**WHAT YOU WILL DO:** Your answer should be one number: the count of lines in the data below that include "hook".

**SUPPLIED RECORDS:**
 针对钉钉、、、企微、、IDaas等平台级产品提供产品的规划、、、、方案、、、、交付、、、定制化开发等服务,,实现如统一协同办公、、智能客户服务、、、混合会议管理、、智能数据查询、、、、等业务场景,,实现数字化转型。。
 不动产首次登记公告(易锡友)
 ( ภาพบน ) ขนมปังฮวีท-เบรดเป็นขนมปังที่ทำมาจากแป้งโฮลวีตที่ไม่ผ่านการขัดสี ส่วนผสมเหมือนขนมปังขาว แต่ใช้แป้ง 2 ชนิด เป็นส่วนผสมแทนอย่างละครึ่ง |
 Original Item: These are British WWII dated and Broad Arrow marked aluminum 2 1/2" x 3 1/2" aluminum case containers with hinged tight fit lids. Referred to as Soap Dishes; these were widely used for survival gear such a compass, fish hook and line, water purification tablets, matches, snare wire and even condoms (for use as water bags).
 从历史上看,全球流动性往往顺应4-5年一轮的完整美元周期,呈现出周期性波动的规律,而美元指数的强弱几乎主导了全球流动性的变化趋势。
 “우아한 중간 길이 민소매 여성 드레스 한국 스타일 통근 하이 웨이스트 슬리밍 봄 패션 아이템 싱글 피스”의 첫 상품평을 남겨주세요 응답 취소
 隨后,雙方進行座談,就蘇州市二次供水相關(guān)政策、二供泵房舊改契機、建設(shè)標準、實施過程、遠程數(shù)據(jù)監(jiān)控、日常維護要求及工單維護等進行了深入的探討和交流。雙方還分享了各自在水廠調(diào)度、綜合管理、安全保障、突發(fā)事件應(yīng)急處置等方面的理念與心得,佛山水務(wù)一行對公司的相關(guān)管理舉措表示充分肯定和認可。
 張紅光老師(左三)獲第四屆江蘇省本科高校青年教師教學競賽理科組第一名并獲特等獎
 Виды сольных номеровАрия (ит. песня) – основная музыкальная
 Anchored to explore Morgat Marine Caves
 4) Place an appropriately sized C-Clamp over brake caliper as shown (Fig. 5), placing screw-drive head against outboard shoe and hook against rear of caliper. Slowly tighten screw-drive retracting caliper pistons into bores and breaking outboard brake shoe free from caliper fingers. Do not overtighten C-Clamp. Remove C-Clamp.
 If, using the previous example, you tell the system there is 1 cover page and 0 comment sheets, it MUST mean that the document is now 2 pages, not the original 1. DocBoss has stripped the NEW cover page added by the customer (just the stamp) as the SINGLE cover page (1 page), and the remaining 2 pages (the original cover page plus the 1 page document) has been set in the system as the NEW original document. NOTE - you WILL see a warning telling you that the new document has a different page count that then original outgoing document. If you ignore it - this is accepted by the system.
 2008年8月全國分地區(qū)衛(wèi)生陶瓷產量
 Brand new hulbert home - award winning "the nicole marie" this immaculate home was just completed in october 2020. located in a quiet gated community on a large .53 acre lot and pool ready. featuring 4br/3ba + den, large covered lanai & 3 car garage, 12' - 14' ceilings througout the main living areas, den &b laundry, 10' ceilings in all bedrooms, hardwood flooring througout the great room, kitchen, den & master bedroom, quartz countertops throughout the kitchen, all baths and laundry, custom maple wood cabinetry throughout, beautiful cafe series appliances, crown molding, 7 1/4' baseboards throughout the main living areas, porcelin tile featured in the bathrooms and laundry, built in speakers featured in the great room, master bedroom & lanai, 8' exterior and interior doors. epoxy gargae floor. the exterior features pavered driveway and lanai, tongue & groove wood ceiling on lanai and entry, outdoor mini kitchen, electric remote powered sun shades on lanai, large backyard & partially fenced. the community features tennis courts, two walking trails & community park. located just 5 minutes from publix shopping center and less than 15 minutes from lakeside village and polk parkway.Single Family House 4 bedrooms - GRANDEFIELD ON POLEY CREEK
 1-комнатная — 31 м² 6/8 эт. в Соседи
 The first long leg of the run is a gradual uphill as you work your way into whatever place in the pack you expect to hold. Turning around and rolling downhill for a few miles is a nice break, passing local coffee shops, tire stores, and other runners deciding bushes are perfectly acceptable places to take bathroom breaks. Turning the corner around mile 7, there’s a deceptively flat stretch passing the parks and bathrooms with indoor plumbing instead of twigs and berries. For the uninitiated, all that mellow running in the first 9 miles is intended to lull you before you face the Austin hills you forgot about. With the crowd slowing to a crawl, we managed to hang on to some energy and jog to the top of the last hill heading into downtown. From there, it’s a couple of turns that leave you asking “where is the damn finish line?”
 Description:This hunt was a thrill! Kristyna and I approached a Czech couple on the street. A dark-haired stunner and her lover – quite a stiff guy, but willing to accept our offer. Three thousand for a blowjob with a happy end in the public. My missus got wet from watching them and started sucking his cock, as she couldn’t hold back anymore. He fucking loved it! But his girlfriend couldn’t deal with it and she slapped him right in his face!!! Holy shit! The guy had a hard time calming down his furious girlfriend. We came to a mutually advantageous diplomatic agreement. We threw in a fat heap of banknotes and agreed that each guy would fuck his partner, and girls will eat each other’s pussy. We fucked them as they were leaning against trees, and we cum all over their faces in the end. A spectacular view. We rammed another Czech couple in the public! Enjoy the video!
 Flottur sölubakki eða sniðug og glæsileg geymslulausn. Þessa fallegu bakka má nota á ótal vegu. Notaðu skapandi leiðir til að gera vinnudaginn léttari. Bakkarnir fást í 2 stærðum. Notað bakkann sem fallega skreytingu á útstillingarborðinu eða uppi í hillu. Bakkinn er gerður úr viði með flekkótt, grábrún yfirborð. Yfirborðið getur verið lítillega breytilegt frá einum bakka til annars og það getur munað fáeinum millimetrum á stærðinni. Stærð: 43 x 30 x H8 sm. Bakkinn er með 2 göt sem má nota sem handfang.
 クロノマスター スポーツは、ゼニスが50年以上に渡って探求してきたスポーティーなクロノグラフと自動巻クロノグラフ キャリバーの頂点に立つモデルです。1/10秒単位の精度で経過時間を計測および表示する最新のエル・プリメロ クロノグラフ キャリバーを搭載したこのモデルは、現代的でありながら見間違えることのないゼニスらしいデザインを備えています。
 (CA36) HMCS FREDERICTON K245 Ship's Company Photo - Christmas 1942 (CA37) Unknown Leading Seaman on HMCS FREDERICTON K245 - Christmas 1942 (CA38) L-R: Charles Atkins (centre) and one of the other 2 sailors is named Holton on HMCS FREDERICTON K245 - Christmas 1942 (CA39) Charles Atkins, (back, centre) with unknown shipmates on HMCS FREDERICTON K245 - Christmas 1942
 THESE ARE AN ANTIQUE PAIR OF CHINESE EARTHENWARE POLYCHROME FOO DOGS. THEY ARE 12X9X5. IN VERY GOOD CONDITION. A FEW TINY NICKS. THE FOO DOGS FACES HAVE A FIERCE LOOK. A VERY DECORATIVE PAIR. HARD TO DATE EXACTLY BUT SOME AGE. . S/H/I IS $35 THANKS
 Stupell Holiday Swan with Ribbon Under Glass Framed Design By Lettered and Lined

**RESULT FOR THIS TASK:** 2